Please check benchmark step in daily CI pipeline page, due to the lack of test devices, the CI result may not cover all hardwares and frameworks.

FAQ

Q: Why are benchmark results not stable on my device?

A: Due to power save considerations, some SoCs have aggressive and advanced power control scheduling to reduce power consumption which make performance quite unstable (especially CPU). Benchmark results highly depend on states of devices, e.g., running processes, temperature, power control policy. It is recommended to disable power control policy (as shown in tools/power.sh) if possible (e.g., rooted phone). Otherwise, keep your device at idle state with low temperature, and benchmark one model on one framework each time.

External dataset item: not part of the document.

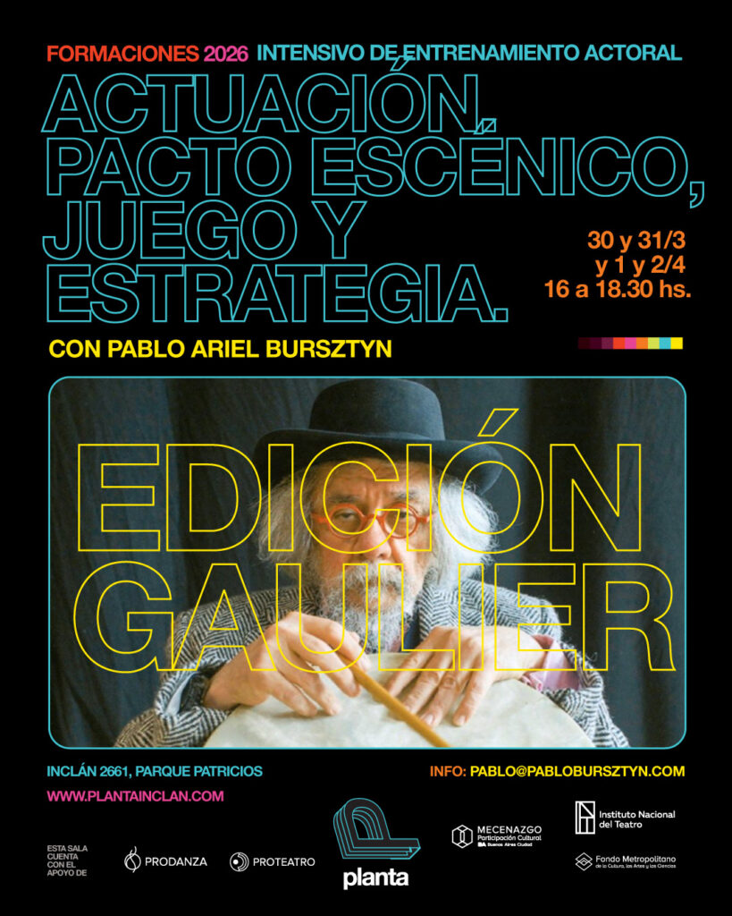 ACTUACIÓN. Pacto escénico, juego y estrategia EDICIÓN GAULIERIntensivo de entrenamiento actoralcon Pablo Ariel Bursztyn FECHAS:30 y 31/3 y 1 y 2/4 de 16 a 18.30hs info: [email protected] ACTUACIÓN. Pacto escénico, juego y estrategia EDICIÓN GAULIER Intensivo de entrenamiento actoral con Pablo Ariel Bursztyn fORMACIONES / Sala Física 30 y 31/3 y 1 y 2/4 de […]
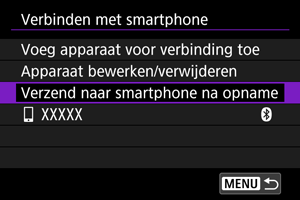 Uw opnames kunnen automatisch worden verzonden naar een smartphone. Voordat u deze stappen doorloopt, dient u ervoor te zorgen dat de camera en de smartphone met elkaar verbonden zijn via Wi-Fi.

Q: Why do some devices run faster (or slower) than expected in the CI benchmark result?

A: Some devices is rooted and has some specialized performance tuning while some others is not rooted and failed to make such tuning (see the code for more details).

Q: Why is ncnn initialization time much less than others?

A: ncnn benchmark uses fake model parameters and skips loading weights from filesystem.

Q: Does benchmark use all available cores of devices?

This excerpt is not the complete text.